CE Mark – one so far
Accreditation for devices gives manufacturers the ability to market them with CE Mark approval – meaning it complies with the requirements of the relevant EC directives.
Only one UK app developer has gone through the regulatory process of gaining the CE Mark; which has been awarded to the Mersey Burns Tool developed by doctors at the Mersey Regional Burns and Plastic Surgery Unit.
The app uses complex formulae to help doctors perform complex calculations about how much fluid should be given to a burns patient – a process which would have to have been conducted manually without the app.
James Sherwin-Smith has been involved in establishing a charity specifically to address mobile health issues. Named d4, the charity has recently published a ‘practical guide’ for the UK industry on the regulation of mobile apps.
Sherwin-Smith says it is “concerning” that other, complex apps that perform medical calculations are in use that haven’t gone through the CE Mark – or any other regulatory – process.

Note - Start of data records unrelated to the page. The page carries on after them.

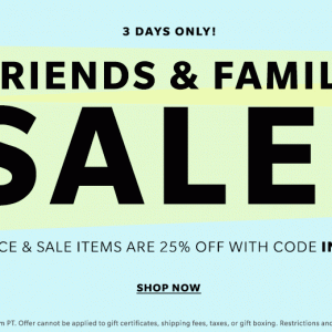 I am a part of the Shopbop Advertising Program and receive compensation from Shopbop monthly for the ad on my site. All opinions are my own. Right now you can save big during the Shopbop Friends and Family Sale! Get 25% OFF with the Code: INTHEFAM Visit Shopbop.com to start … [Read more...]
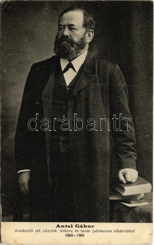 Antal Gábor dunántúli ref. püspök, lelkész és tanár jubileuma alkalmáb... https://www.darabanth.com/hu/432-Gyorsarveres/432.0/Kepeslapok/Vallas~2000052/Antal-Gabor-dunantuli-ref-puspok-lelkesz-es-tanar-jubileuma-alkalmabol-1869-1909-EK~II2784980
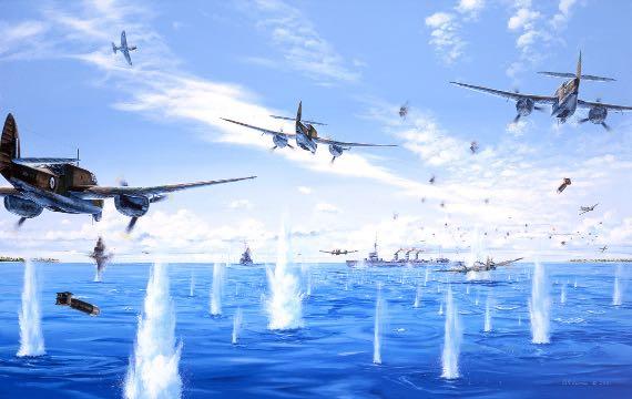 When I suggested illustrating this action, Peter recommended Drew Harrison as an outstanding Australian aviation artist. Looking at his website my eye was drawn to the sense of motion and danger Drew had achieved in his artwork titled ‘Combined Strike’, now in the South Australian Aviation Museum collection.DepictingatorpedoattackbyNo.100 Squadron RAAF against a Japanese cruiser and destroyer, it was the cover art for that squadron’s history, ‘Song of the Beauforts’ by Colin King. [Picture 1].
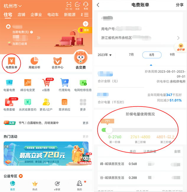 你家的用電量現(xiàn)在處于哪一階梯呢?網(wǎng)上國(guó)網(wǎng)App首頁(yè)點(diǎn)擊【電費(fèi)賬單】,查一查就知道咯。
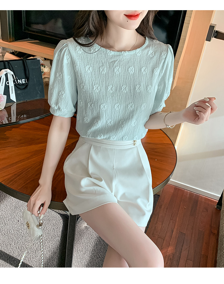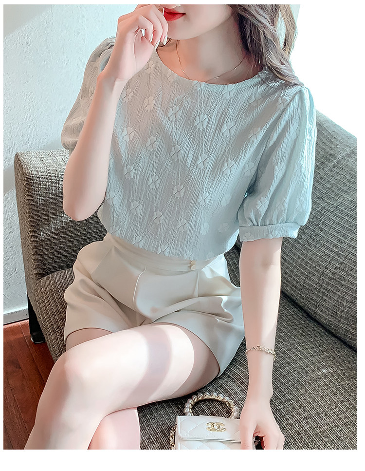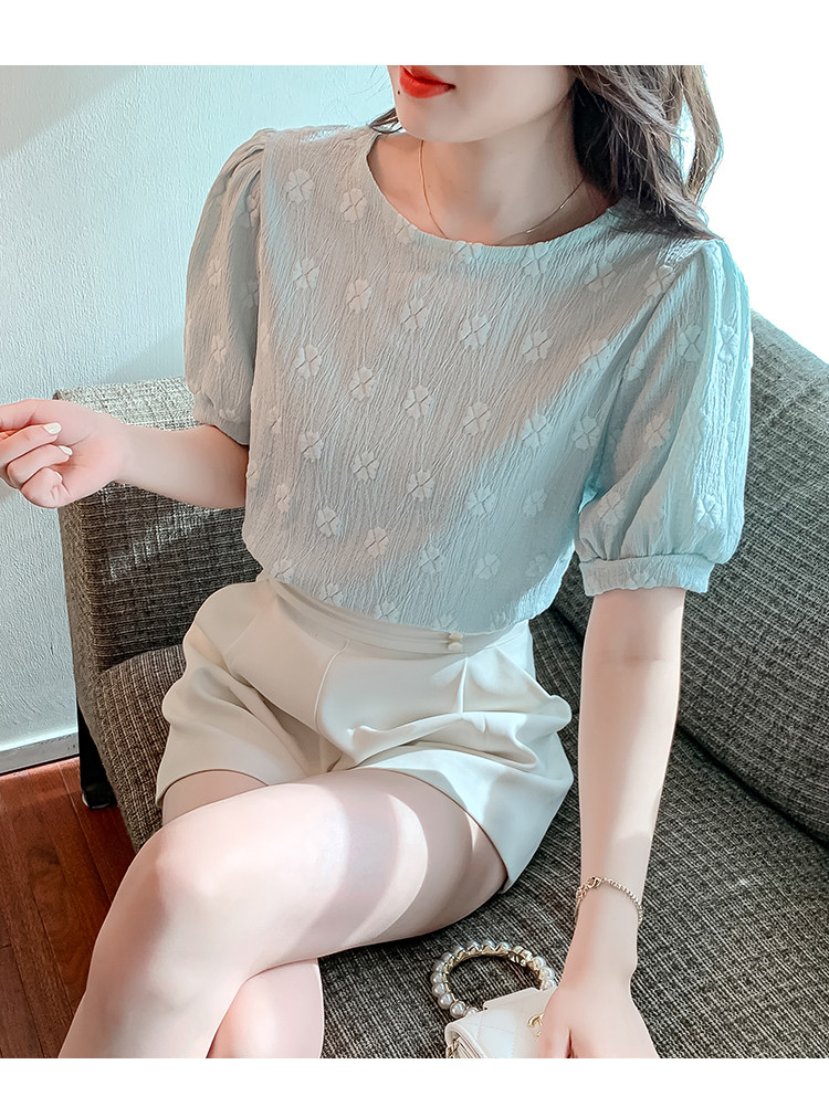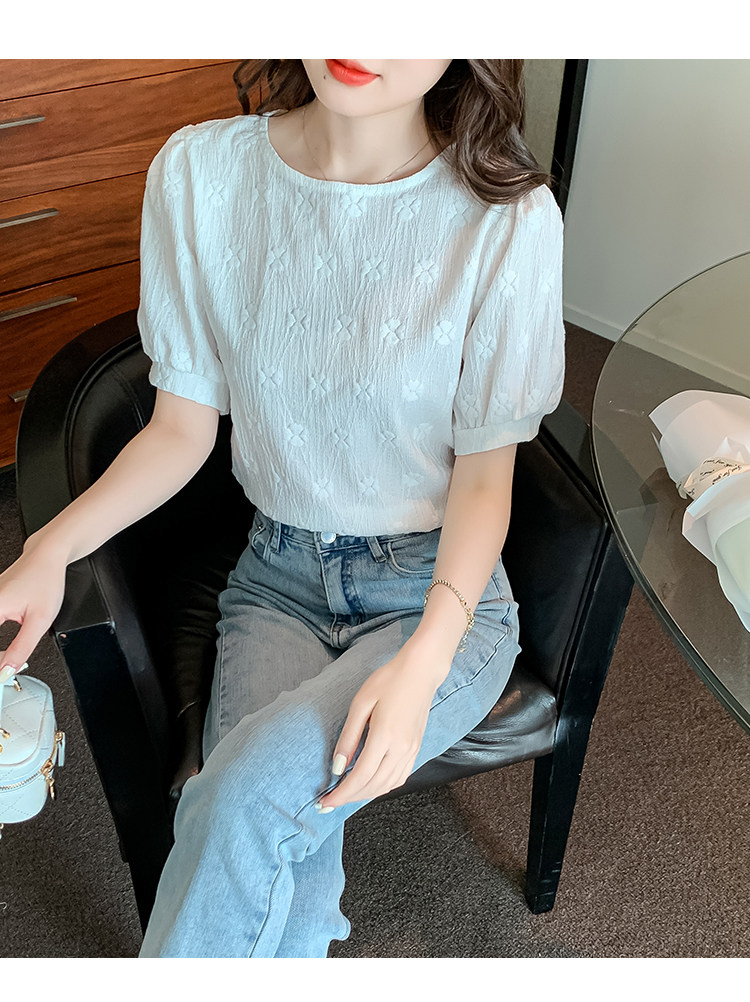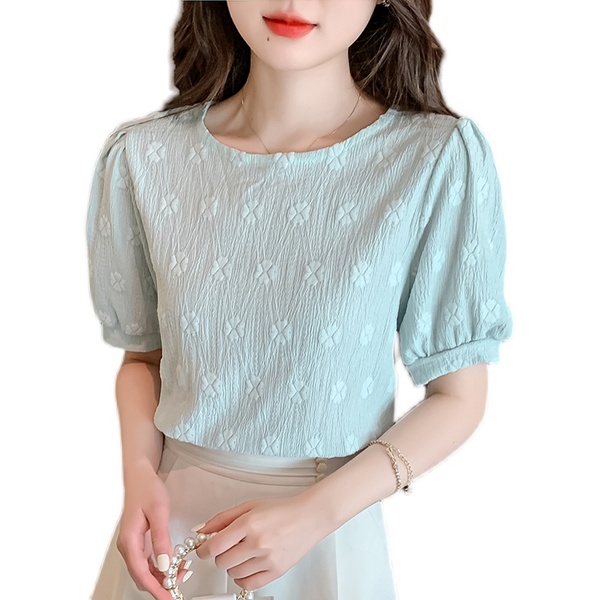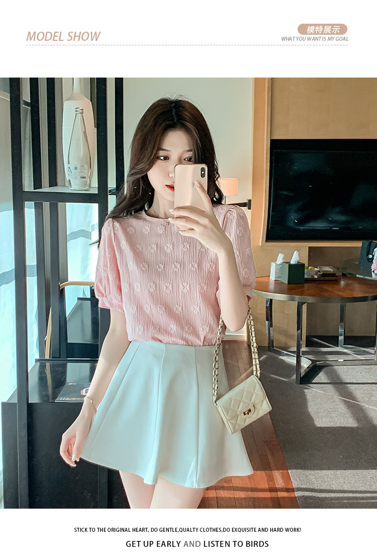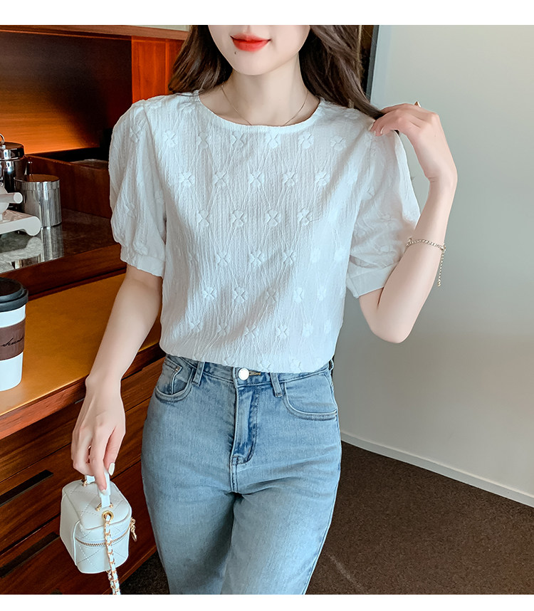 RM12365#夏装新款甜美花朵圆领宽松短袖上衣百搭显瘦温柔小衫t恤
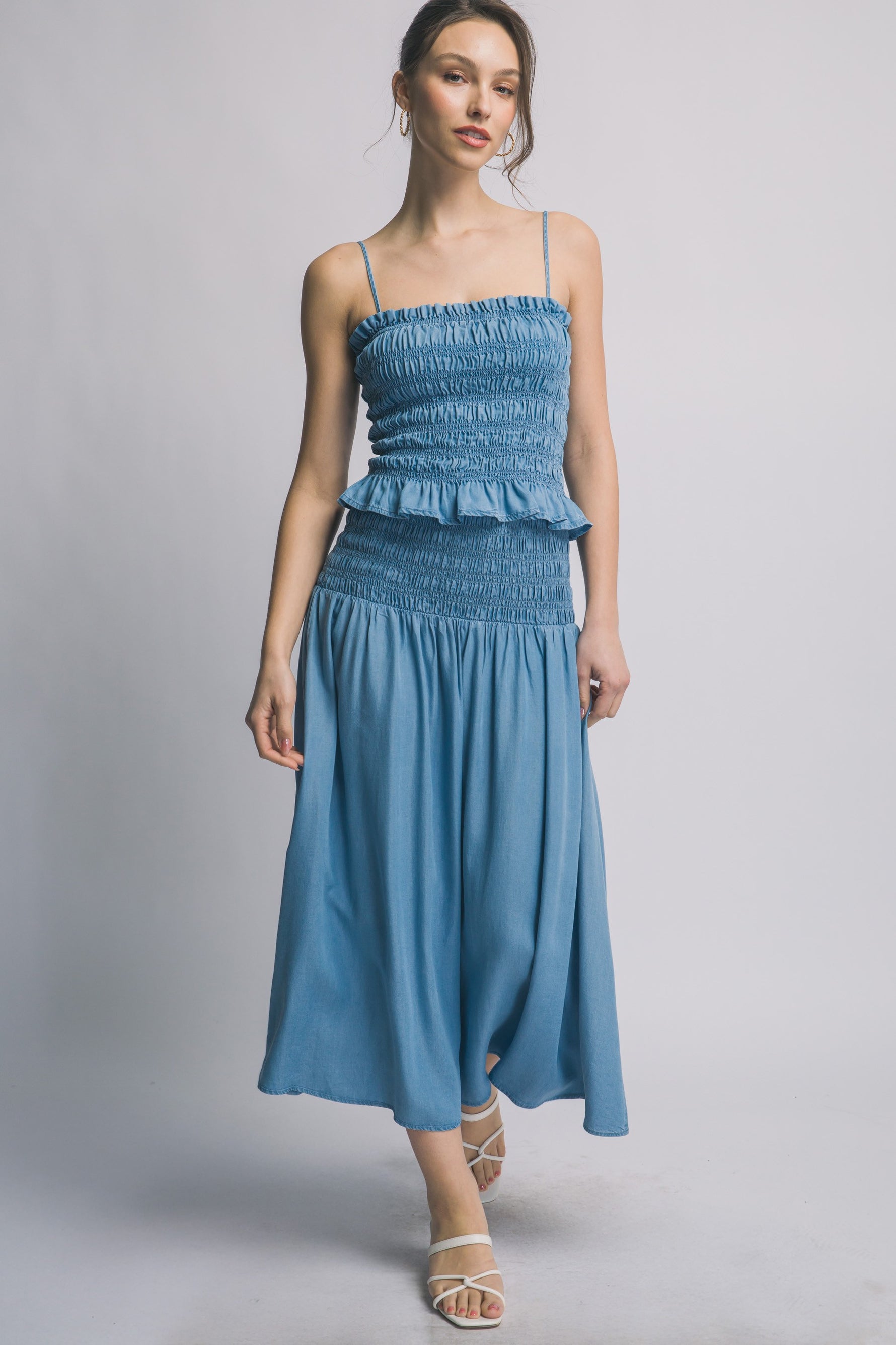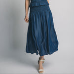 This skirt displays effortless elegance and has a stretchy smocking at the bodice that ensures a comfortable, flattering fit. Perfect for casual outings, garden parties, or relaxed evenings out.

“[The CE Mark] is a benchmark of assurance; developers are saying ‘we conform to the guidelines’. It is often viewed as a benchmark of quality as well.”
Even so, Sherwin-Smith says the regulation of mobile apps is very difficult. And there is, of course, no guarantee that a CE Mark or MHRA stamp of approval will make a product stable and ‘safe’ – as the row over breast implants across Europe shows.
Even if the MHRA does establish clear guidelines for mobile app developers, it will remain a completely voluntary process for manufacturers to seek official accreditation.
This has both positives and negatives. While mandatory regulation would undoubtedly put patient safety at the forefront of the mobile health market, it may have a negative impact on manufacturers.
Some have complained at international conferences that regulation will “stifle” app development, with knock-on consequences for patients. Frost and Sullivan’s report on mobile health app opportunities states: “while still overall a good thing, increases in FDA regulation and oversight may dampen innovation.”
On the other hand, there is a clear danger that in an unregulated market, there may be a cost to consumers who may unwittingly be the victim of ill-designed or even incorrect software.